[Dataset excerpts]
☆ ☆ ☆ ☆ ☆ ☆ ☆
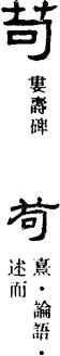 ①苟且,不严肃。《论语·子路》:“君子于其言,无所苟而已矣。”《礼记·曲礼上》:“临财毋苟得,临难毋苟免。”今成语有“一丝不苟”、“不苟言笑”。②姑且,暂且。诸葛亮《出师表》:“苟全性命于乱世,不求闻达于诸侯。”马中锡《中山狼传》:“今日之事,何不使我得早处囊中,以苟延残喘乎?”③或许,庶几。《诗经·王风·君子于役》:“君子于役,苟无饥渴。”(于:词头。)④连词。常用在偏句的开头,表示条件或假设。《左传·成公二年》:“自始合,苟有险,余必下推车。”《战国策·齐策四》:“苟无岁,何以有民?苟无民,何以有君?”(岁:年成,收成。)
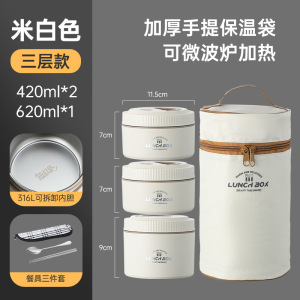 米白色-1460ml-三层【配密封袋+餐具三件套】
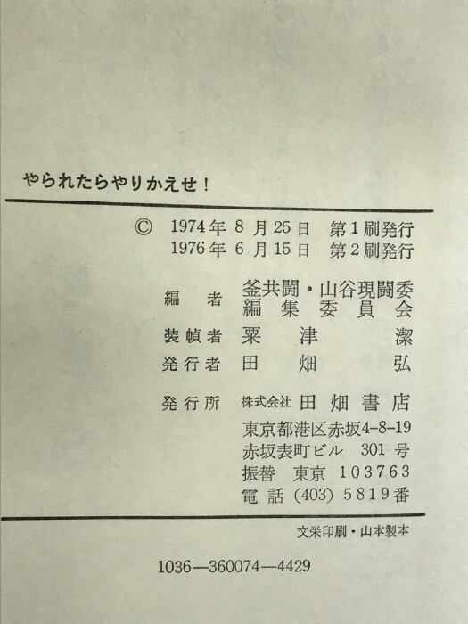 タイトル:やられたらやりかえせ!―実録釜ケ崎・山谷解放闘争 田畑書店
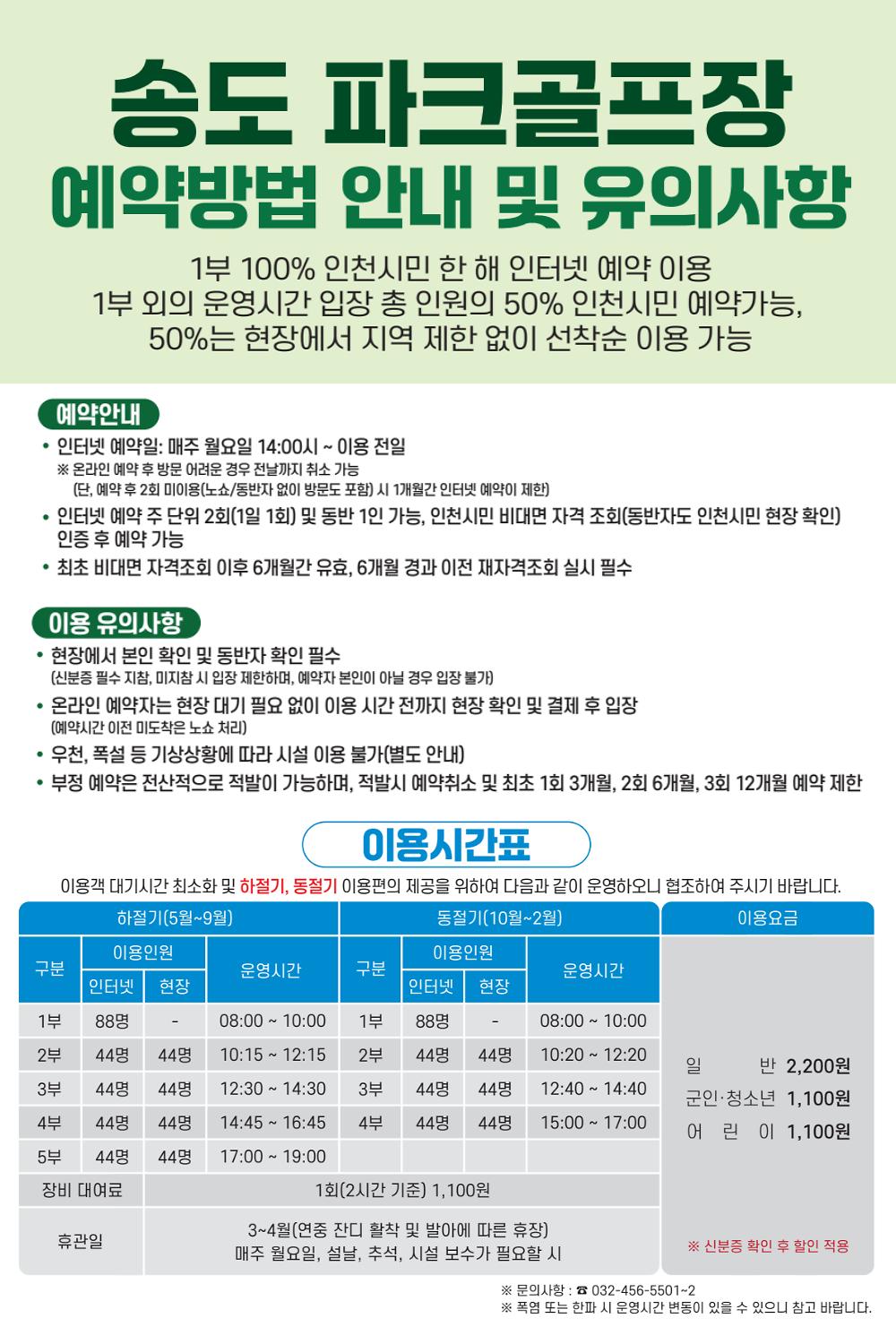 송도파크골프장 예약방법 변경 및 이용안내
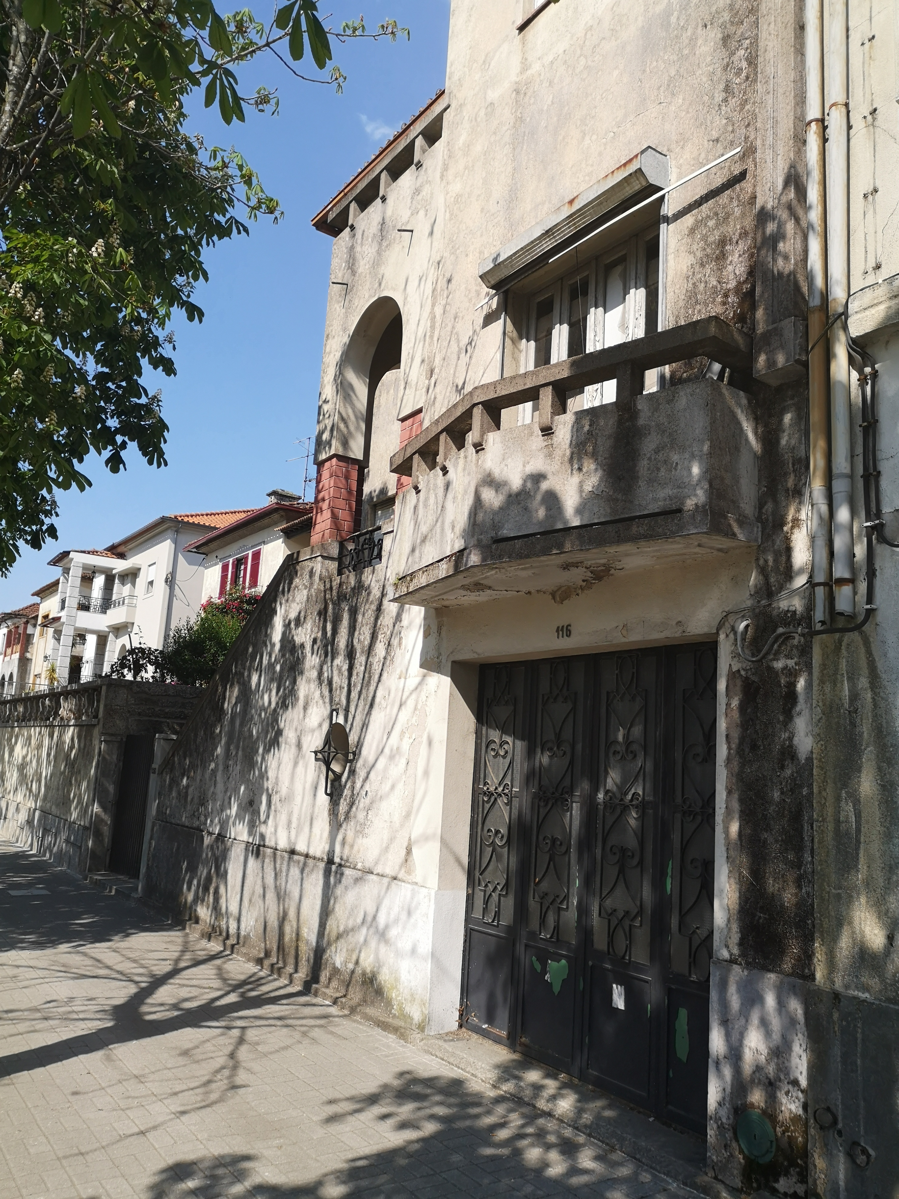 O edifício localiza-se no Centro Histórico de Guimarães, Património Mundial pela UNESCO. O edifício principal integra uma faixa construída ao longo da rua, sendo este composto pelo r/c mais dois pisos e águas furtadas (sótão). O logradouro fica implantado sensivelmente à cota do piso 1, assim como o edifício/armazém localizado no limite posterior do terreno. Aparentemente o edifício já foi intervencionado e ampliado, pois verificamos uma mistura de sistemas construtivos. Verificamos uma mistura de métodos construtivos, construção tradicional com construção com paredes interiores em tabique e lajes em estrutura de madeira revestida com soalho e zonas com vigas, e construção com pilares e lajes em betão armado, bem como paredes interiores em tijolo ou bloco de cimento.
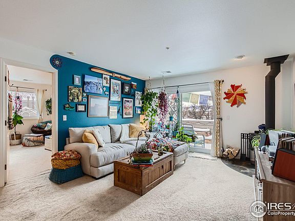 This top-floor unit faces west, providing captivating views of the open space, lake, trails and foothills. Its southwest corner design allows natural light to flood the space. Relax on your private patio and bask in the beauty. The open layout seamlessly integrates the kitchen, dining area, living room, and patio, creating a social atmosphere perfect for gatherings and relaxation. Experience the cozy ambiance provided by the Regency pot belly fireplace, adding an extra layer of charm/warmth to the space. The master bedroom boasts a stylish built-in closet with a modern aesthetic and plenty of drawers for convenient storage. Indulge in the joys of life with easy access to nearby trails that lead directly into Boulder or a quick jaunt to Avery Brewing. This lock-and-leave lifestyle is yours to embrace, with the HOA taking care of exterior maintenance. Plus, enjoy the added amenities of a pool and common area. The property features a one-car detached oversized garage, along with an additional assigned parking space for your convenience. Welcome Home!
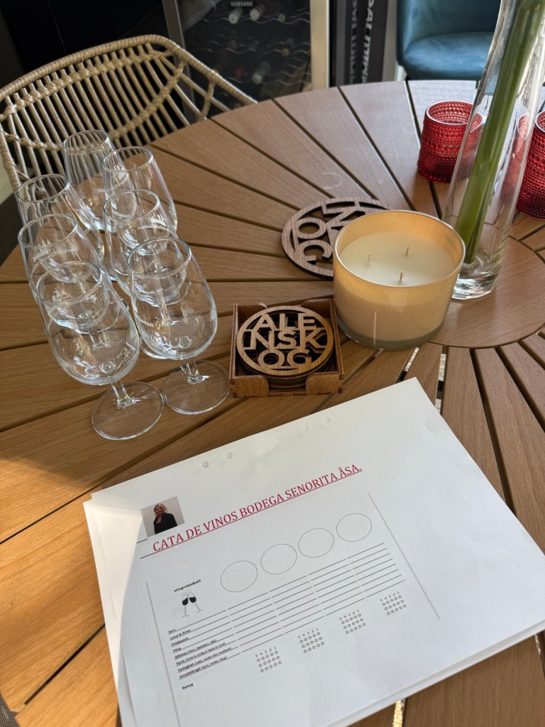 ”Casa de Vinos Bodega Senorita Åsa” med vinprotokoll och glas med 5 cl märkning.
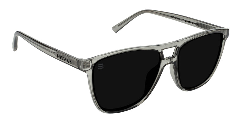 The cool gray frame of the Rip Tide sunnies brings coastal charm to any look, whether you're hitting the beach or exploring the city. With excellent eye protection, you can soak up the sun in style. Embrace the carefree spirit of Indian Harbor Beach and rock the coastal vibes with these shades. Introducing the IHB collection: sunglasses inspired by the stunning Indian Harbor Beach. With a blend of classic rectangle frames and a modern double bridge, they give you a unique and timeless look that stands out in the crowd. FEATURES INCLUDE Frame size: Medium Finish: Gloss Frame color: Transparent Gray Lens color: Black Interior lens tint: Black Light Transmission: 5.42% Stainless steel 5-barrel hinges Upgraded TR90 frames Polarized UV400 protection Premium oleophobic coating Anti-saltwater FDA approved, impact-resistant lens Protective pouch included
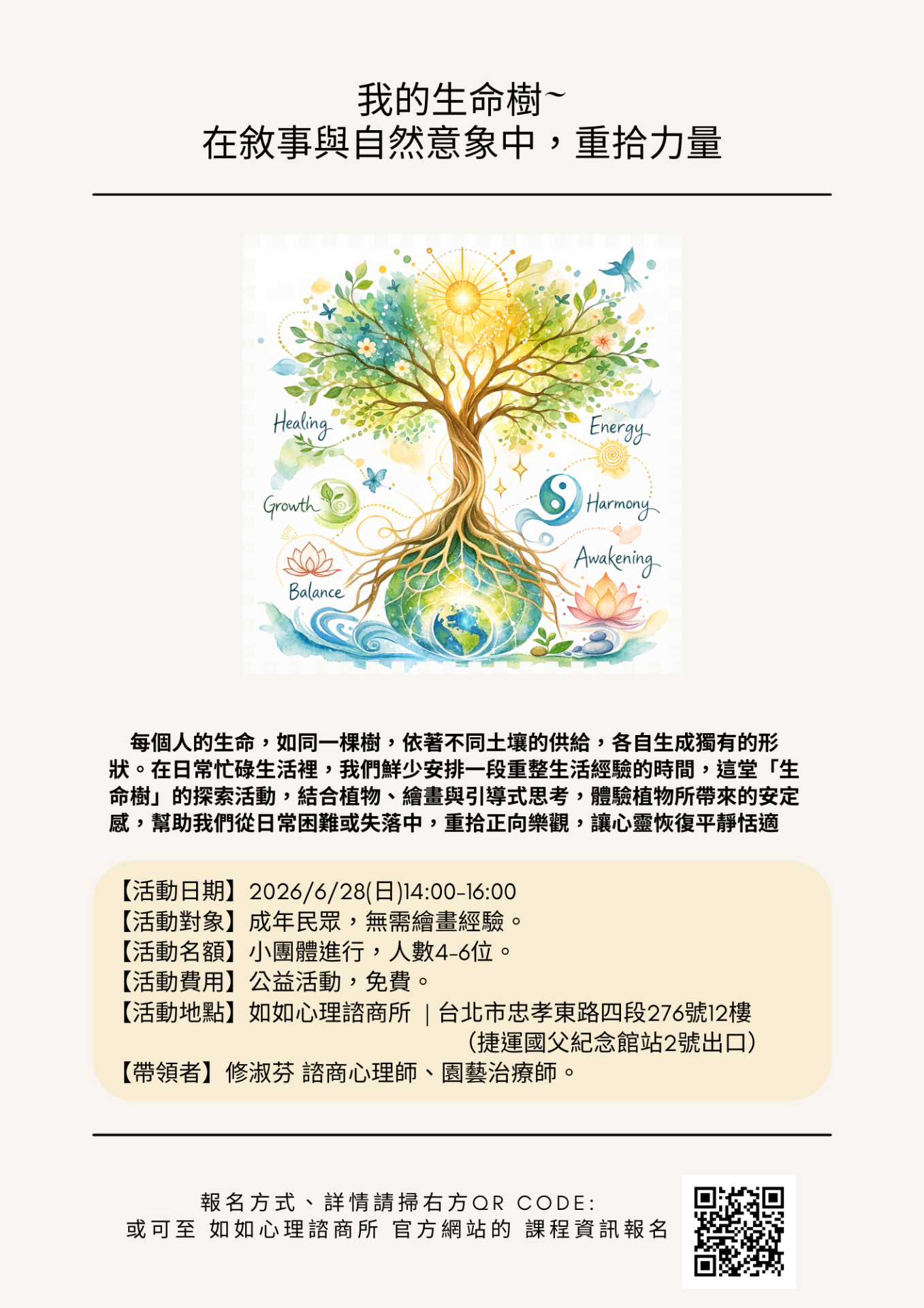 本活動適合對主題有興趣、願意投入時間練習與交流的學員;若您目前身心狀態不穩定、正在接受密集醫療或心理治療,建議先與專業人員討論是否適合參與,以確保您的安全與舒適。我們尊重每一位參與者的步調,您可以依照自己的狀況決定是否報名。
☆ ☆ ☆ ☆ ☆ ☆ ☆
### [Task goal]
Using the data above, which lines fall from the one with "タイトル:やられたらやりかえせ!―実録釜ケ崎・山谷解放闘争 田畑書店" through the one with "송도파크골프장 예약방법 변경 및 이용안내"? Repeat them exactly, ends included, minus any pictures.

### [Your response]
 タイトル:やられたらやりかえせ!―実録釜ケ崎・山谷解放闘争 田畑書店
 송도파크골프장 예약방법 변경 및 이용안내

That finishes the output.